P36 Secret Cricketer. Pic from PPAUK
A private look inside the Devon cricket scene
The great thing about sport and cricket, in particular, is that it can be a great leveller, throwing together Drs, lawyers and accountants with builders, labourers and, in our case, rat catchers.
The minuscule Ben, or ‘Rentokil’ as he is more commonly known, runs his own pest control business, which includes the apocryphal story of a rat the size of a small dog and the day he found eight squirrels in a loft around a small table ‘like they were having a meeting’.
Given his height and own dental imprint, it’s often remarked on that he secretly has a squirrel outfit and goes undercover. Ben’s crime this week has been to openly say he’s not interested in playing first-team cricket, despite probably being one of the best players in the club.
This approach does not seem unusual these days and is frowned upon by the draconian selectors because in their day everyone wanted to play first-team cricket, apparently.
Having played in that era, I know that is just a romantic, rose-tinted notion and quite often there were stories of dragging the gamblers out of William Hill at lunchtime to play in the first team.
Things have changed but not always for the better.
Last week was interesting from a refuelling perspective. The opposition who previously were renowned for having a fantastic tea, not the best because that title will always be held by Hatherleigh CC, who often had three cold joints on the table with actual vol-au-vents with prawns and dressing from a thousand islands.
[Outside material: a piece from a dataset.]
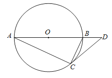 如图,AB为⊙O的直径,点C为⊙O上的一点,过点C作⊙O的切线,交直径AB的延长线于点D,若∠A=25°,则∠D的度数是( )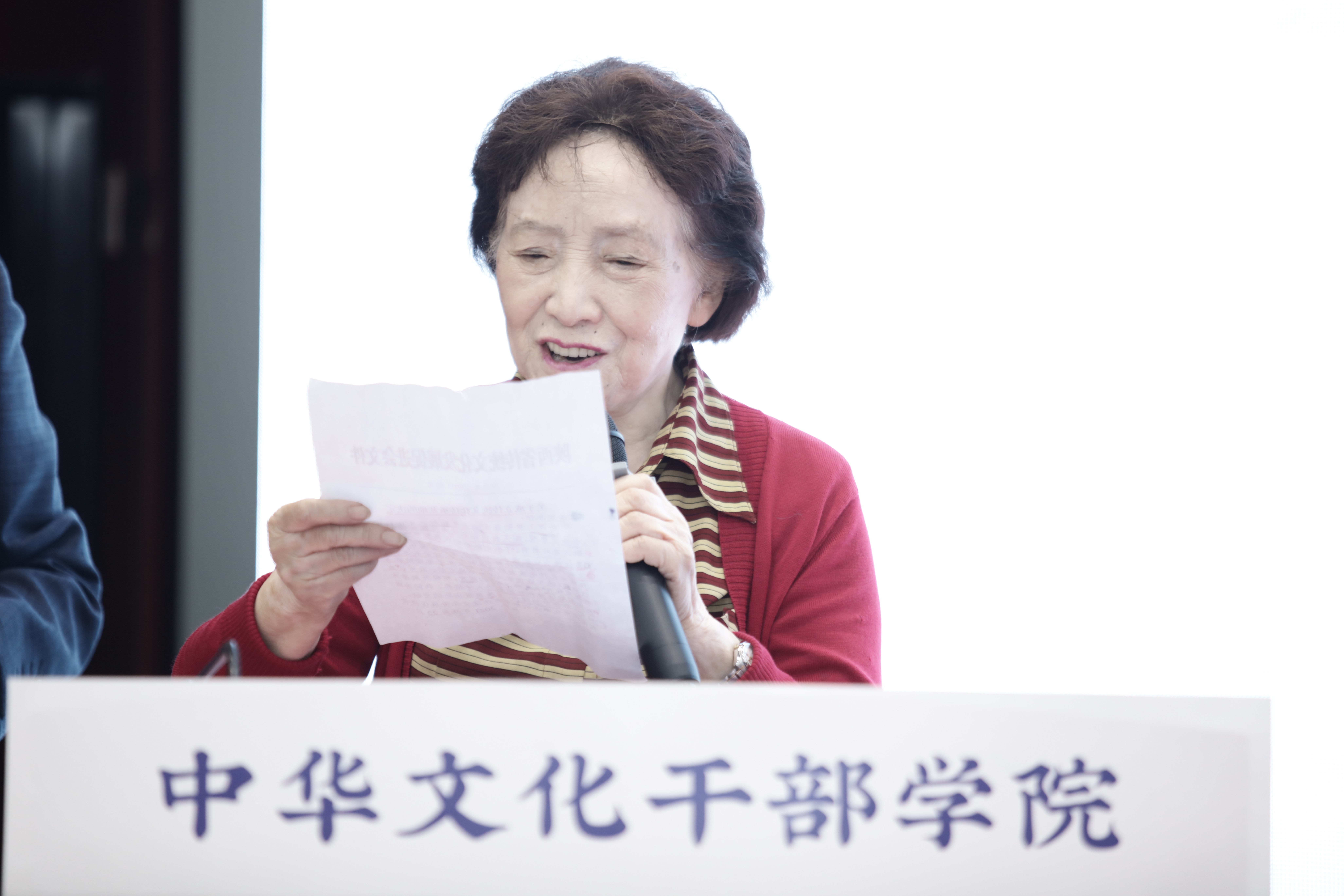 著名女高音歌唱家、国家一级演员、全国"五一"劳动奖章获得者、“时代楷模”、陕西省传统文化发展促进会终身名誉监事长贠恩凤宣读“关于成立传统文化传承基地”的决定文件

All this effort was seemingly done in exchange for a short speech of gratitude from the home captain and a round of applause for the tea ladies.
They were the type of ladies who can only be described as formidable, engendering respect and no little fear from even the most dysfunctional colt.
On one occasion, after one of our more mischievous youths was caught red handed throwing carrot cake that had been lovingly made, he was robustly ‘clothes-lined’ as he nonchalantly exited the tea room.
In those golden days, no one even remarked on it, other than to casually underpin a learning opportunity to the miscreant.
Our team is, in part, a reflection of society with different ages and experiences. We now have a woman cricketer, Evie. She puts the fear of God into the opposition, merely for the fact that they don’t want to get out to her.
There seems to be a high level of respect for female cricketers and her introduction to the team has been tentative to say the least. The recent report by Cindy Butts, the chair of the Independent Commission for Equity in Cricket found there to be racism, sexism and classism in the game.
It couldn’t be further from the truth in our team and Evie soon settled in with a comment about the 5ft 3 in Ben, saying that she recently saw him in M&S shopping for baby clothes to go out in.
This broke any ice and now Ben is pretending to be upset on grounds of bring vertically challenged and marginalised/oppressed. They say cricket mirrors life and it’s certainly true in this case.
On the field, we seem to be fighting above our weight or, it’s been said, meeting teams who have yet to have their full allocation of students return from university.
Parity will be restored when this happens and we will undoubtedly plummet like a stone before winning our last game of the season to evade the trapdoor. We don’t have any students, so this is as good as it gets for us.
Availability is always an issue and some players have different priorities. There are those that plan their weddings with cricket in mind and holiday out of season and those that don’t. The two will always clash and this week has been no different.
One of our key all-rounders has chosen to spend time with his partner because he’s played every week so far ‘and it’s only fair’.
The selection committee are far from happy.